** Dataset entries follows **

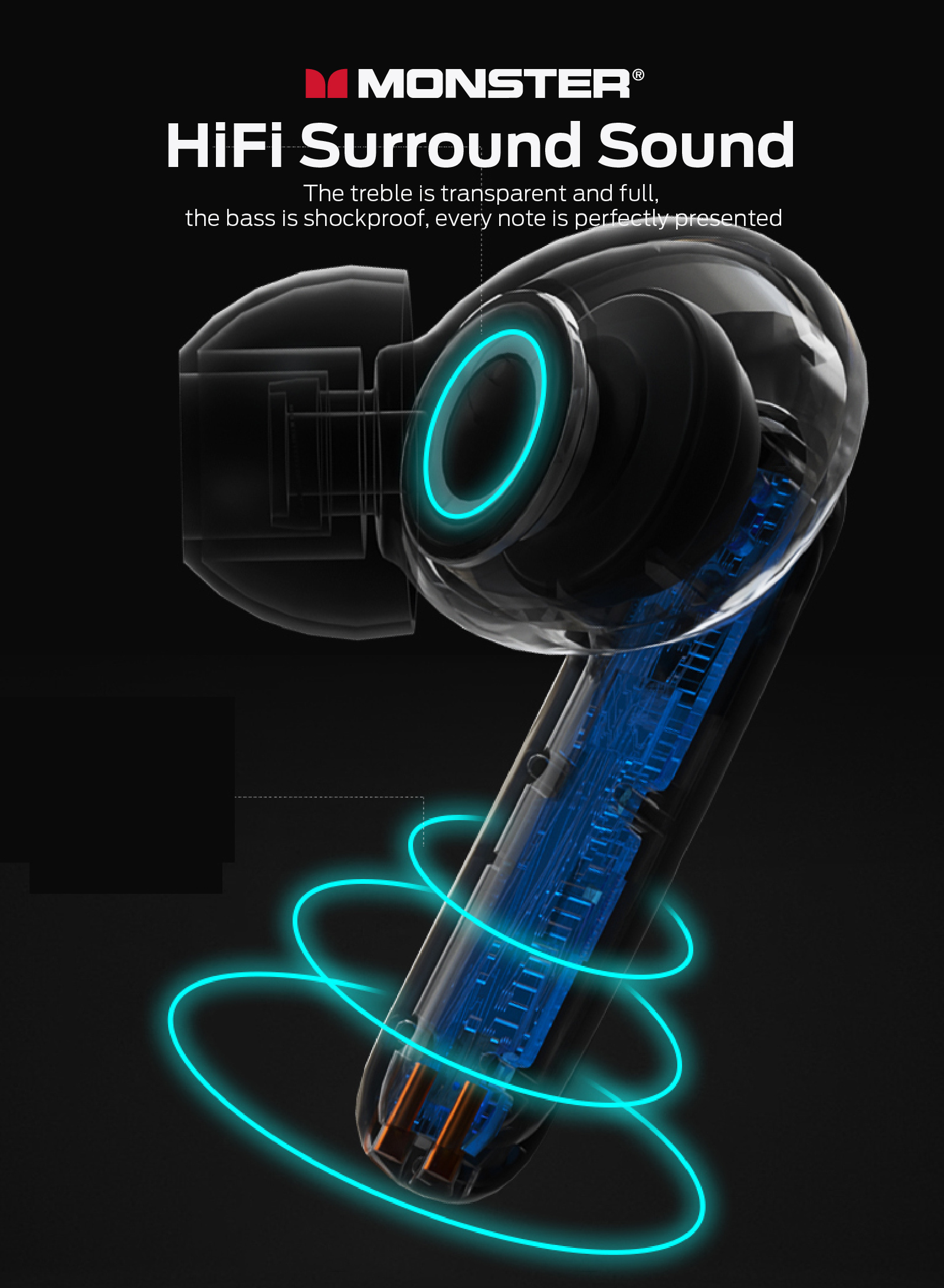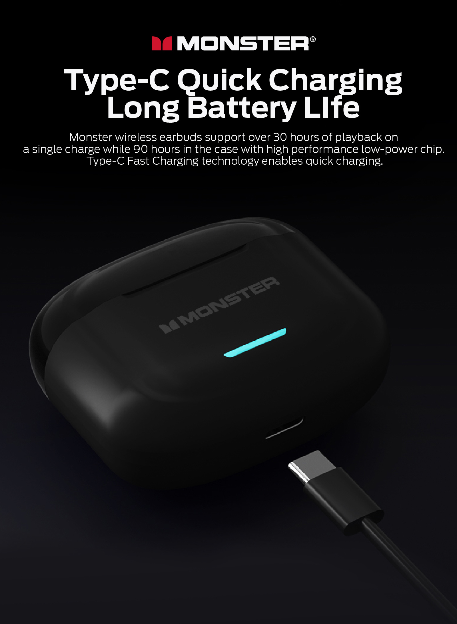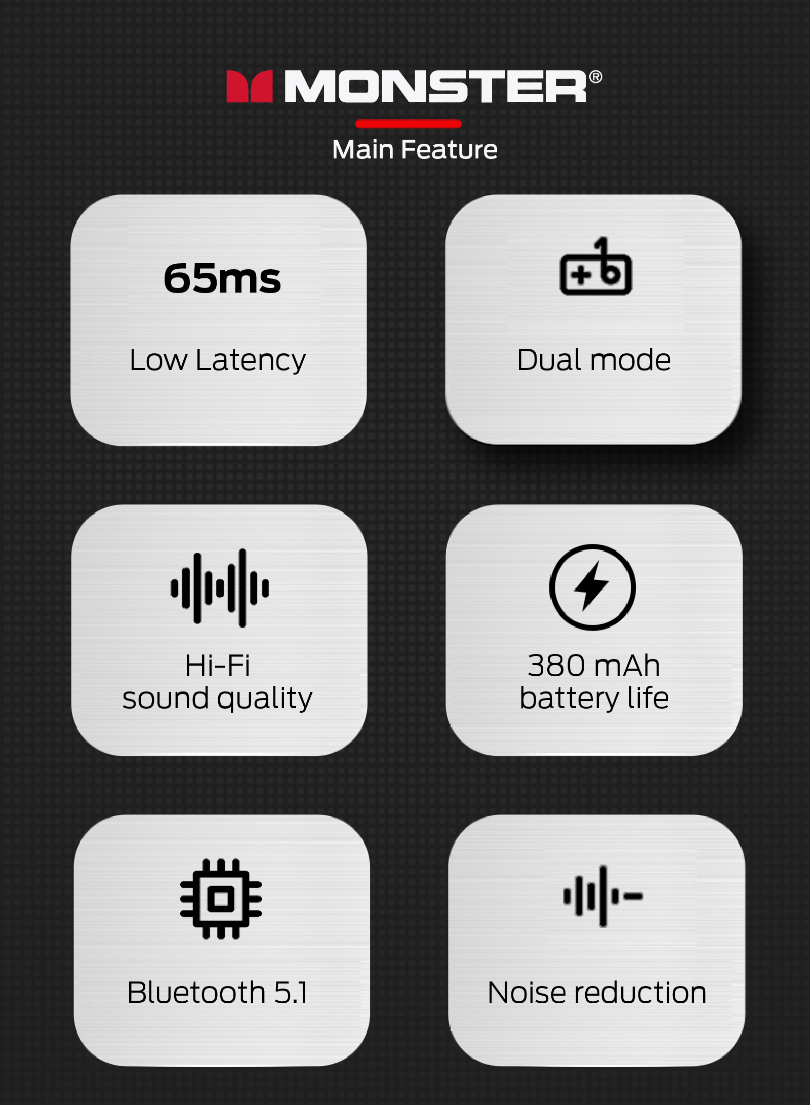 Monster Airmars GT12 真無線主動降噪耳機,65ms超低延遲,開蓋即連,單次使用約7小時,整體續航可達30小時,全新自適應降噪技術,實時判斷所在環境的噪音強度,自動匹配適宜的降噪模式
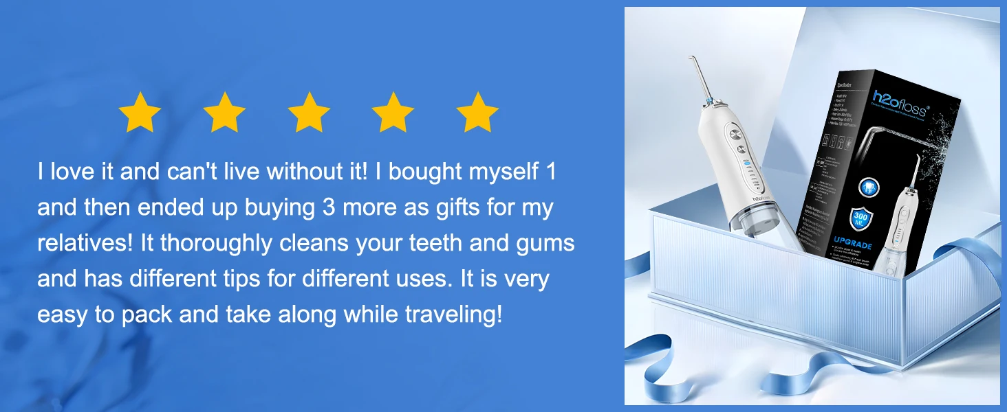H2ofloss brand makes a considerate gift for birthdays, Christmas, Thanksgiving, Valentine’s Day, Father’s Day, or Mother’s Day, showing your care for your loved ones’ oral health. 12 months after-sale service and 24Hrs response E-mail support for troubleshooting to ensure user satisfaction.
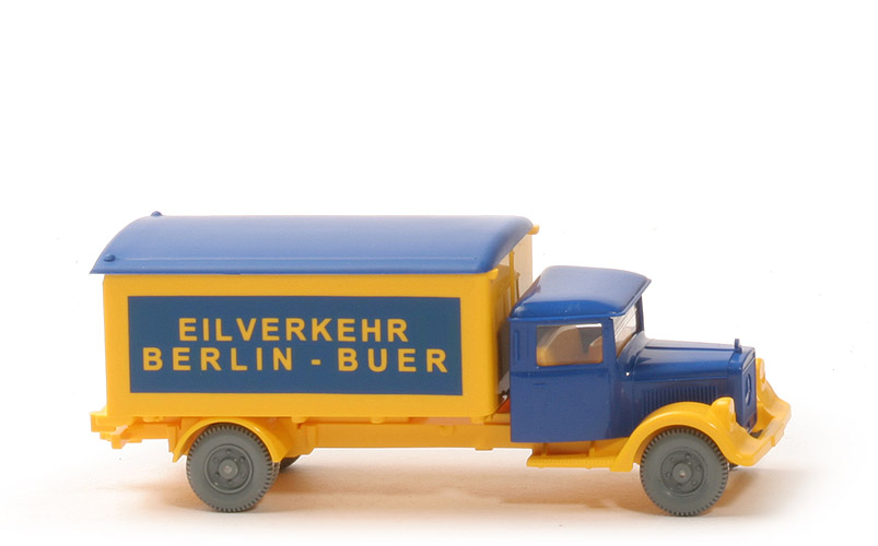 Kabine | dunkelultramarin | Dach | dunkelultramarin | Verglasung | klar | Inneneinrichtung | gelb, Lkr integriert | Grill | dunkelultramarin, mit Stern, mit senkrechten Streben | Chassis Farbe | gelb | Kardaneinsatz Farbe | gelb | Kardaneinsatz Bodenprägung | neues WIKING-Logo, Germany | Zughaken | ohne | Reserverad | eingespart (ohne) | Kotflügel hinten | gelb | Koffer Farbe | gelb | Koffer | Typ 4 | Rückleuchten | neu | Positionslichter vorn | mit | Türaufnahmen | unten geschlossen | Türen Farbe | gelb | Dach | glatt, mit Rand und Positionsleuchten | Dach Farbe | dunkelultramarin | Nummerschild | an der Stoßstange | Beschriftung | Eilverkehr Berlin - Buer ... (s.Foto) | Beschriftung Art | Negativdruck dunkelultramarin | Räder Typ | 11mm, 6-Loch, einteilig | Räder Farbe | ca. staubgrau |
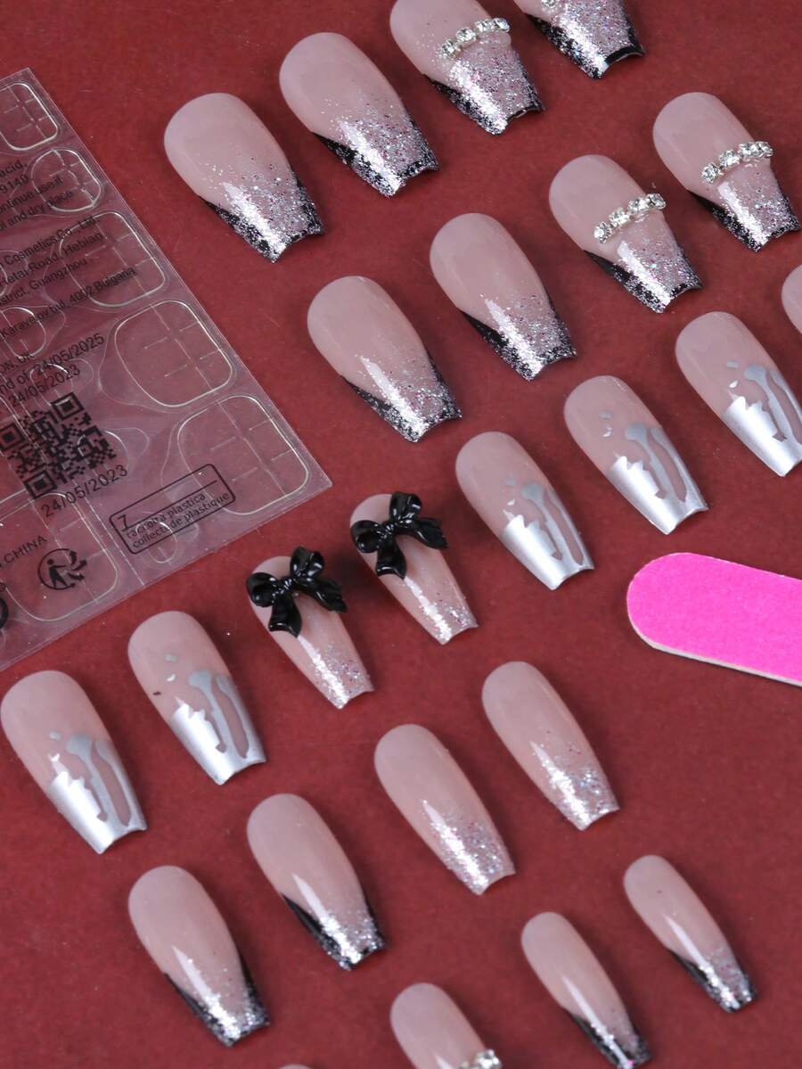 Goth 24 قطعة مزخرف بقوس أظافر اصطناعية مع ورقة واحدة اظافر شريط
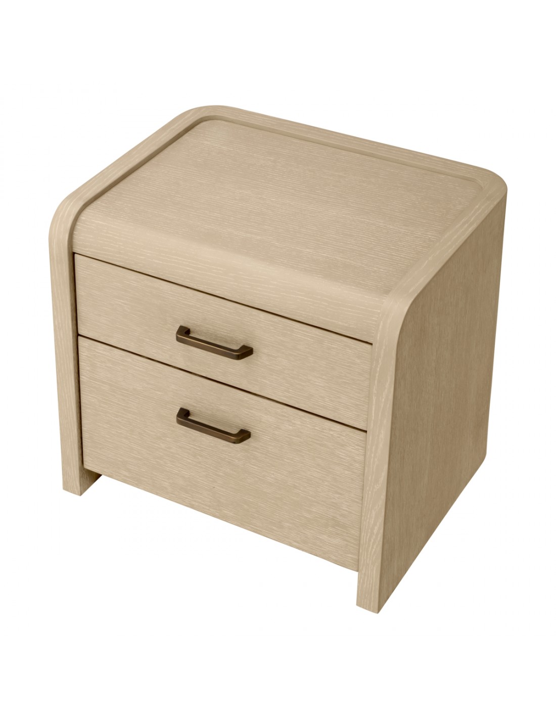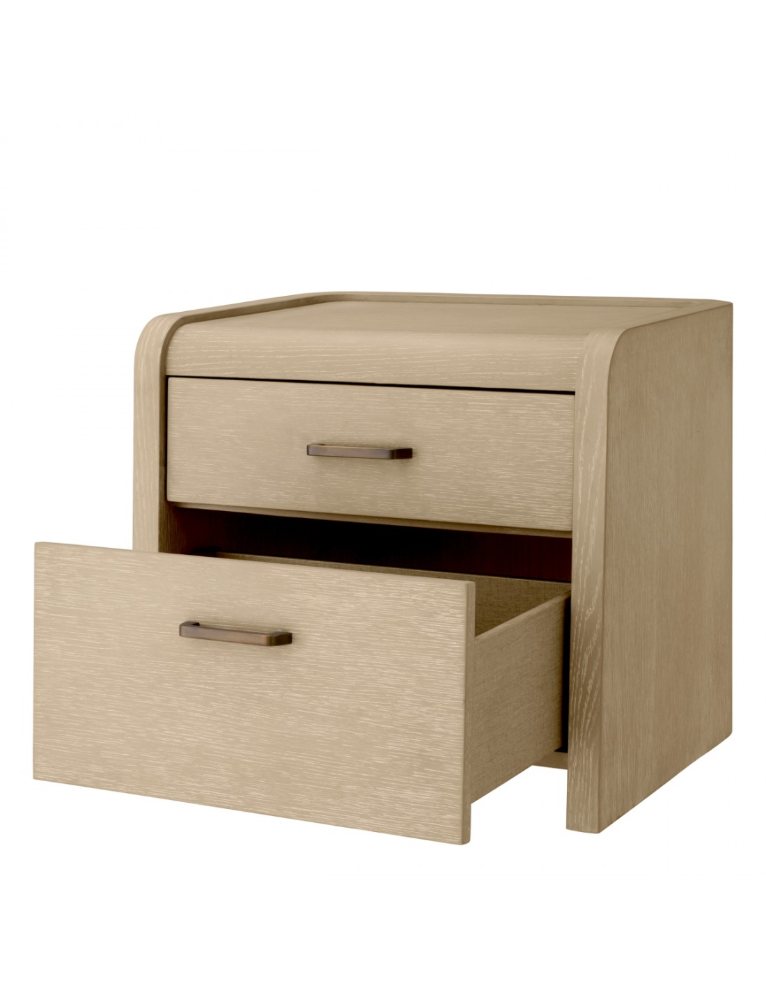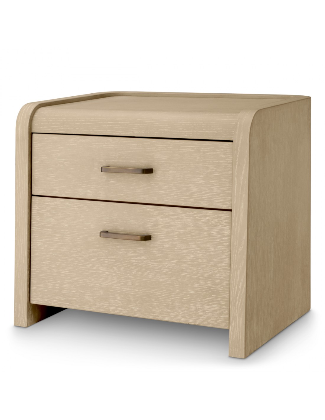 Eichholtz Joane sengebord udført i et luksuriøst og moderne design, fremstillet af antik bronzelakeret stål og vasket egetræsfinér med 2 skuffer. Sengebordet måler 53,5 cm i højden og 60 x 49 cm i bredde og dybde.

** End of Dataset entries **

To do:
Can the entries above be repeated exactly, without their pictures?

Answer:
 Monster Airmars GT12 真無線主動降噪耳機,65ms超低延遲,開蓋即連,單次使用約7小時,整體續航可達30小時,全新自適應降噪技術,實時判斷所在環境的噪音強度,自動匹配適宜的降噪模式
H2ofloss brand makes a considerate gift for birthdays, Christmas, Thanksgiving, Valentine’s Day, Father’s Day, or Mother’s Day, showing your care for your loved ones’ oral health. 12 months after-sale service and 24Hrs response E-mail support for troubleshooting to ensure user satisfaction.
 Kabine | dunkelultramarin | Dach | dunkelultramarin | Verglasung | klar | Inneneinrichtung | gelb, Lkr integriert | Grill | dunkelultramarin, mit Stern, mit senkrechten Streben | Chassis Farbe | gelb | Kardaneinsatz Farbe | gelb | Kardaneinsatz Bodenprägung | neues WIKING-Logo, Germany | Zughaken | ohne | Reserverad | eingespart (ohne) | Kotflügel hinten | gelb | Koffer Farbe | gelb | Koffer | Typ 4 | Rückleuchten | neu | Positionslichter vorn | mit | Türaufnahmen | unten geschlossen | Türen Farbe | gelb | Dach | glatt, mit Rand und Positionsleuchten | Dach Farbe | dunkelultramarin | Nummerschild | an der Stoßstange | Beschriftung | Eilverkehr Berlin - Buer ... (s.Foto) | Beschriftung Art | Negativdruck dunkelultramarin | Räder Typ | 11mm, 6-Loch, einteilig | Räder Farbe | ca. staubgrau |
 Goth 24 قطعة مزخرف بقوس أظافر اصطناعية مع ورقة واحدة اظافر شريط
 Eichholtz Joane sengebord udført i et luksuriøst og moderne design, fremstillet af antik bronzelakeret stål og vasket egetræsfinér med 2 skuffer. Sengebordet måler 53,5 cm i højden og 60 x 49 cm i bredde og dybde.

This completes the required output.